Under the provisions of Article 1790 of the LSA-Civil Code, a husband and wife are specifically prohibited from contracting with each other except in the following instances provided in LSA-Civil Code Article 2446, namely:
“1. When one of the spouses makes a transfer of property to the other, who is judicially separated from him or her, in payment of his or her rights.
“2. When the transfer made by the husband to his wife, even though not separated, has a legitimate cause, as the replacing of her dotal or other effects alienated.
“3. When the wife makes a transfer of property to her husband, in payment of a sum promised to him as a dowry.”
In the case of Miller v. Miller, 234 La. 883, 102 So.2d 52, the court stated:
“It has long been the jurisprudence of this state that dations between husband and wife are exceptional contracts and must comply with every provision of the law.” (Citations omitted.)
In Smith v. Smith, 239 La. 688, 119 So.2d 827, the court stated:
“It is well settled that dations between husband and wife, being a species of sale (Articles 2655-2659, Civil Code), are exceptional contracts and are absolutely null unless they come within one of the permissible categories. Pelletier v. State Nat. Bank, 117 La. 335, 41 So. 640; Kelly v. Kelly, 131 La. 1024, 60 So. 671; Miller v. Miller, 234 La. 883, 102 So.2d 52. Since contracts between spouses are specifically forbidden by Articles 1790 and 2446 of the Civil Code, save for the three purposes detailed in Article 2446, it follows that any husband and wife who attempt to contract in violation of those restrictions do so in fraudem legis. If parol evidence is admissible to show fraud practiced on one of the contracting parties, it would, a fortiori, appear that it should be received when the fraud has been perpetrated on the law itself. And so this court has held that parol evidence may be introduced to show that any obligation has been contracted in fraudem legis regardless of what form may have been given to the re-probated contract. Lazare v. Jacques, 15 La.Ann. 599; Kelly v. Kelly, supra; Ducote v. Stark, La.App., 87 So.2d 770.”

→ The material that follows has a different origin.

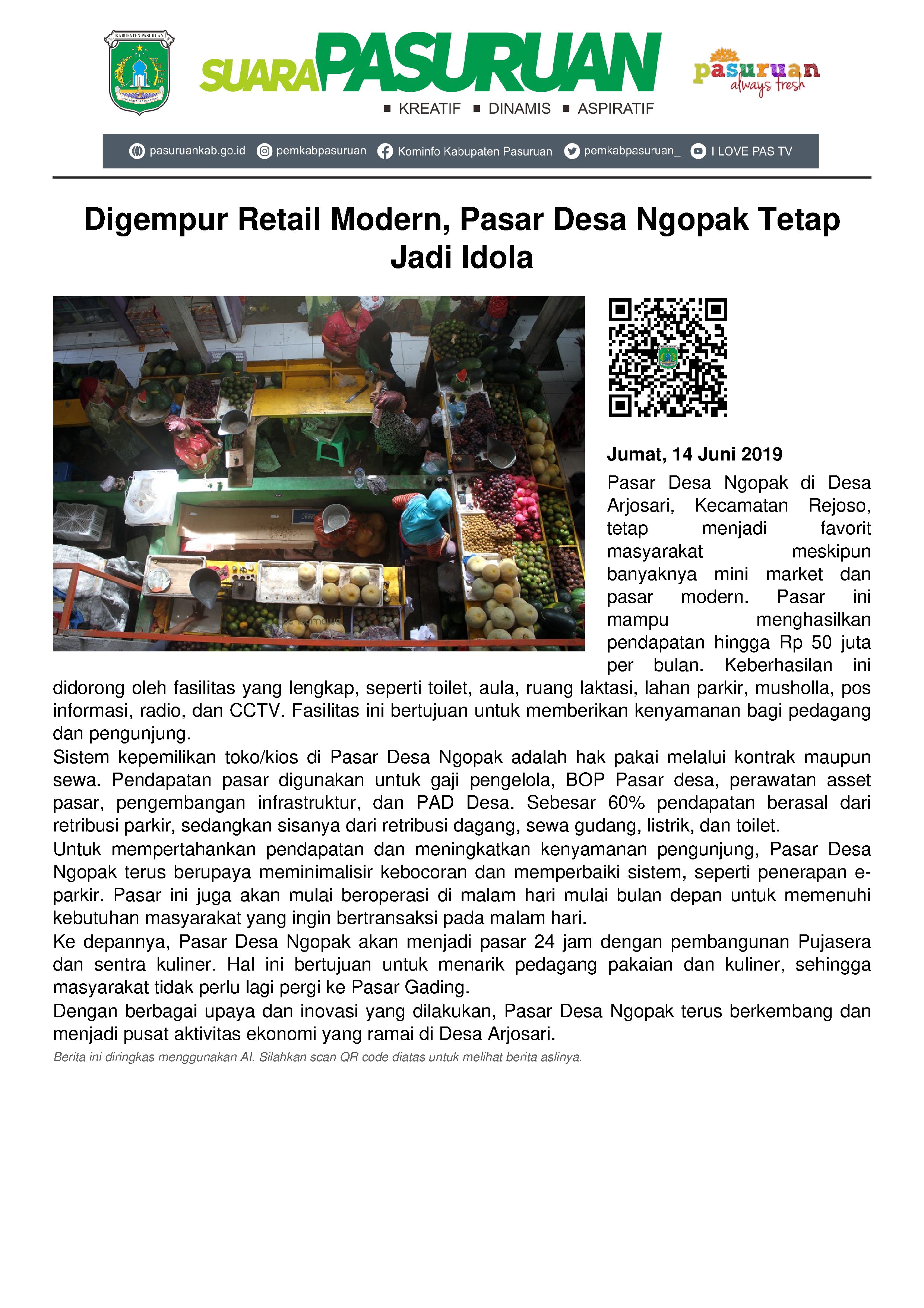 Di tengah gempuran banyaknya mini market hingga pasar modern, Pasar Desa Ngopak, Desa Arjosari, Kecamatan Rejoso, tetap menjadi idola masyarakat.

After hearing the testimony in the instant case, the trial judge was of the opinion that the dation en paiment was without consideration, therefore, an absolute nullity. He found that the plaintiff’s wife’s parents were sharecroppers and that his wife did not inherit or acquire any funds during the marriage which she could have advanced to plaintiff.
After a careful review of the record, we agree with the trial judge that the plaintiff was never indebted to his wife in the sum of $4;500.00, the consideration set forth in the dation en paiment, or any other money, simply because she never owned any para-phernal funds which she could have turned over to him.
Able counsel for defendants cites in support of his position the case of Dipuma v. Dipuma (La.App., 1 Cir., 1961), 136 So.2d 505. This Court is of the opinion that the Dipuma case, supra, is distinguishable on its facts from the instant case for the reason that in that case the court was dealing with property which had been transferred to a concubine, and the subject matter of dation en paiment was not an issue in that case.
This suit to set aside the 1932 dation en paiment was filed in August of 1962, the *525plaintiff’s wife having died in 1959. To the suit, the defendants filed pleas of five, ten, and twenty years prescription. However, under LSA-Civil Code Article 3523, “Husbands and wives can not prescribe against each other”, and the plaintiff’s wife did not die until 1959. No issue on appeal is raised that the suit has prescribed.
For the reasons assigned, the judgment of the district court is affirmed at appellants’ costs.